The reversal followed a private meeting between Trump and Paul Weiss chairman Brad Karp. What unfolded, per administration sources, was an unusual détente. Karp allegedly acknowledged “wrongdoing” by former partner Mark Pomerantz, who once probed Trump’s hush money payments during his stint at the Manhattan District Attorney’s office. Trump, ever the showman, declared the firm now stands on the right side of “fair and nonpartisan” justice.

Pomerantz, for his part, didn’t blink. He issued a statement flatly denying any misconduct and defending his work as a prosecutor.

The now-rescinded executive order had cut off Paul Weiss lawyers from sensitive government spaces and cited the firm’s commitment to diversity as a threat to impartial governance. But that hardline stance softened when the firm promised to throw its weight behind Trump’s priorities — including veterans’ issues and fighting antisemitism — all pro bono. It also vowed to audit and cleanse its internal policies of any diversity, equity, and inclusion (DEI) frameworks.
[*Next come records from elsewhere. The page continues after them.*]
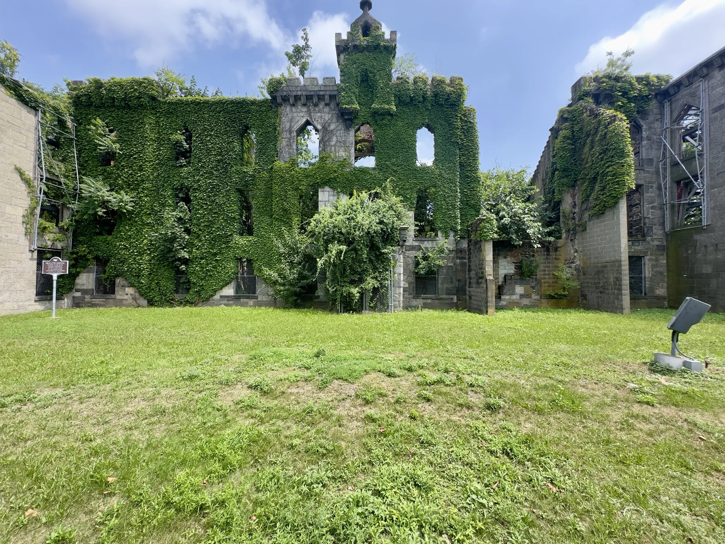 It’s the remains of the former Smallpox Hospital on Roosevelt Island (formerly Blackwell’s Island), a Gothic Revival structure that opened in 1856 as an isolation hospital.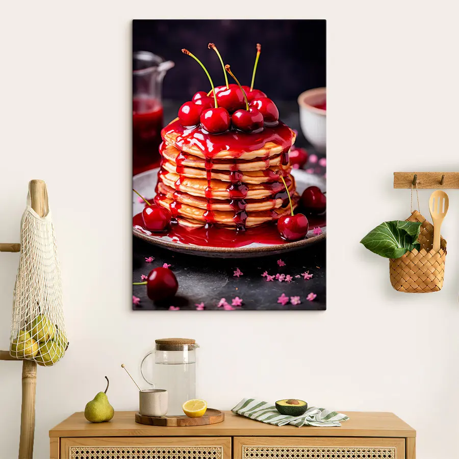 Wyobraź sobie, że budzisz się ze stosem naleśników, które aż proszą się o pożarcie. Ten wydruk na płótnie oddaje ten pyszny moment, ociekający słodkim syropem wiśniowym i zwieńczony jasnymi, soczystymi wiśniami. To jak ciepły uścisk w kuchni lub jadalni, natychmiast wywołujący radość i odrobinę głodu (zdarza się!). Idealny dla każdego, kto wierzy, że jedzenie jest sztuką – a co jest lepsze niż kulinarne arcydzieło? Ten żywy element dodaje odrobinę koloru i kaprysu, kierując rozmowy w stronę brunchu i najsłodszych chwil w życiu. Powieś go i daj się ponieść naleśnikowym wibracjom!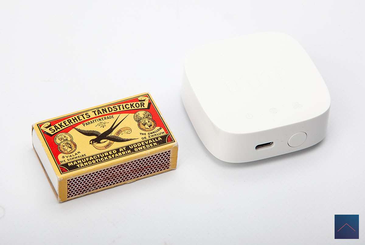 De bridge is super klein, dus zorg dat je hem niet kwijtraakt. Hij werkt via WiFi dus een UTP kabel is niet nodig. Hij wordt gevoed door een meegeleverde USB adapter en kabel, dus je hebt alleen een stopcontact nodig.

That concession aligned neatly with Trump’s broader crusade against DEI initiatives. Earlier in the week, the administration had sent notices to 20 major law firms demanding detailed DEI data, sparking tremors across the legal landscape.

The Paul Weiss climbdown stood in stark contrast to the response from another legal titan, Perkins Coie, which responded to a similar executive order by suing the administration. A federal judge offered Perkins Coie some protection, temporarily blocking portions of the order while hinting that the firm’s constitutional claims might hold water.

Meanwhile, Paul Weiss was already feeling the pressure. In a New Jersey courtroom just one day before the order was dropped, the firm admitted it had been dropped by a client in a bribery case due to the Trump crackdown. Perkins Coie claimed in its lawsuit that it had lost seven clients over the same issue.

Brad Karp’s firm — known for brokering megadeals for financial titans like Blackstone and Goldman Sachs, and fighting courtroom battles for tech behemoths like Google and Amazon — suddenly found itself in unfamiliar territory: political crossfire.

And while Karp has raised campaign funds for Kamala Harris and boasts former Obama-era Attorney General Loretta Lynch as a partner, that didn’t stop him from making the pilgrimage to the White House to make things right.

“There was no playbook for this,” noted University of Connecticut law professor Leslie Levin, reflecting on the legal world’s unease.

No playbook indeed. Just a high-stakes game, and one firm’s costly gambit to stay in it.